Het verhaal
Op een fiets met ‘volle banden’ en geen enkele vering of versnelling of iets wat luxe was, ging ik naar Essen (België). In de Handelsstraat daar woonde een zus van mijn moeder. Tonia Meukens –van Eekelen samen met haar man Jef en drie kinderen. Omdat ze het na de oorlog niet zo breed hadden hielpen mijn vader en moeder vanzelfsprekend het gezin met etenswaren, kleding etc. Dat was heel gewoon in die tijd hoor, elkaar helpen en die het had, die gaf! Zeker omdat mijn ouders een slagerij en winkel hadden, konden ze wel het een en ander missen. Vlees, worst, spek en ik weet nog goed, heerlijk anijsbrood.
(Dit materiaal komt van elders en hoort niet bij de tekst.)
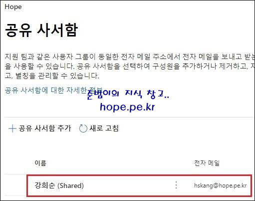 'Microsoft 관리 센터 > 그룹 > 공유 사서함' 을 클릭 합니다.
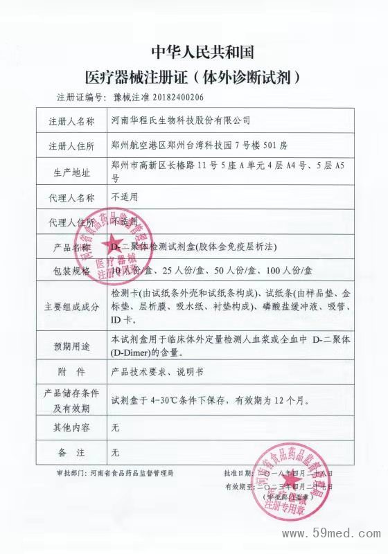 榮譽(yù)資質(zhì) 中華人民共和國(guó)醫(yī)療器械注冊(cè)證(體外診斷試劑)
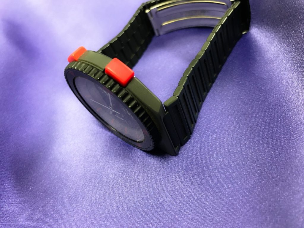 仮付けをした状態が本日の写真でございますが、いかがでしょうか、初代ジウジアーロのお時計のプッシュボタンは、
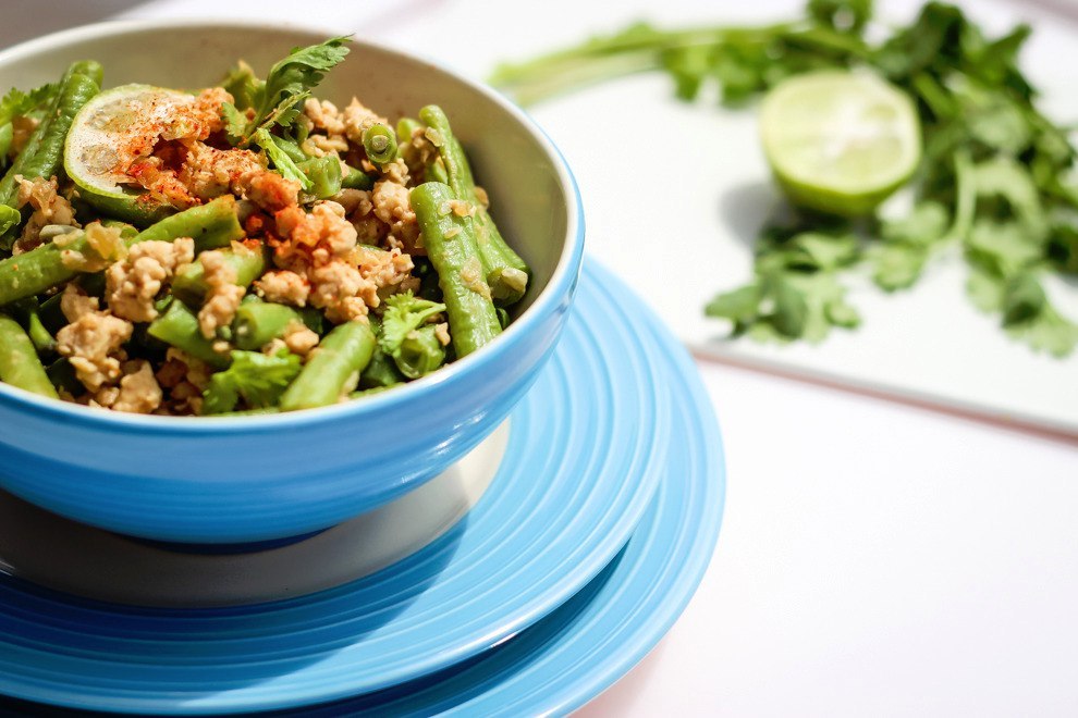 4. выкладываем фасоль к тушеному фаршу с луком и морковью
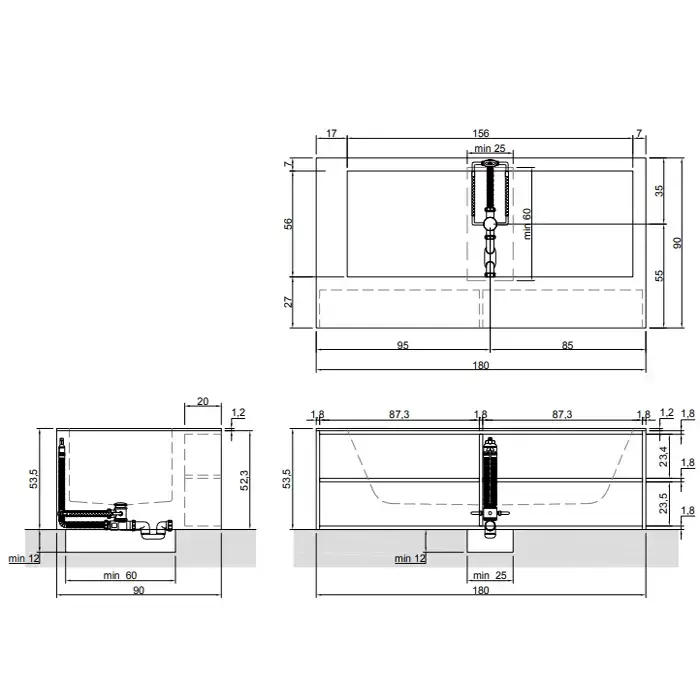 Antonio Lupi Biblio Ванна прямоугольная отдельностоящая, 180х90х53.5см, цвет: белый

Thuis demonstreerde ik wel eens aan vrienden door een spijker in de band te slaan van mijn fiets met volle banden. Die zat gewoon vast en ge kon verder fietsen. ”Dat zijn oorlogsbanden”, zei mijn vader, ”oersterk.” Hij had gelijk! Als zeker gegeven ge kon geen lekke tube rijden. Wat voor materiaal het was weet ik niet, maar het reed niet prettig. Maar ik wist ook niet beter. Enfin!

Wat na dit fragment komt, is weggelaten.